§ What is needed:
Where the lines below hold images, skip those and copy every word exactly.

§ Exercise data:

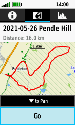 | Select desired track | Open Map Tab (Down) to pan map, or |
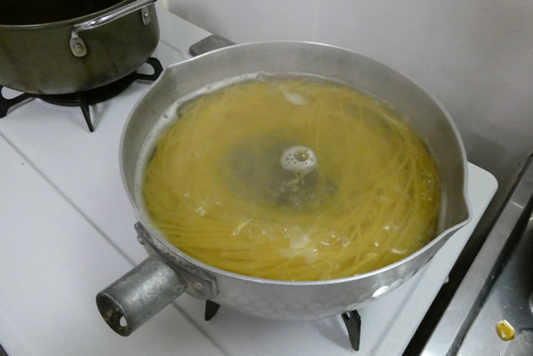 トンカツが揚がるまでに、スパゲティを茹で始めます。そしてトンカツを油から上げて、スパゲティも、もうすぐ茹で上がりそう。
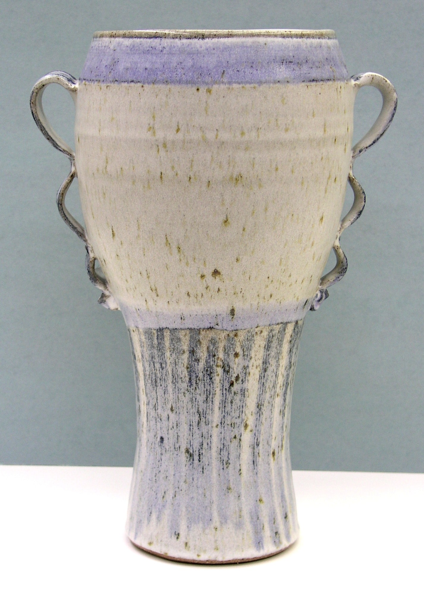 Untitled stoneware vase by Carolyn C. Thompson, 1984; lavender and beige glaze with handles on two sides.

§ Worked solution:
 | Select desired track | Open Map Tab (Down) to pan map, or |
 トンカツが揚がるまでに、スパゲティを茹で始めます。そしてトンカツを油から上げて、スパゲティも、もうすぐ茹で上がりそう。
 Untitled stoneware vase by Carolyn C. Thompson, 1984; lavender and beige glaze with handles on two sides.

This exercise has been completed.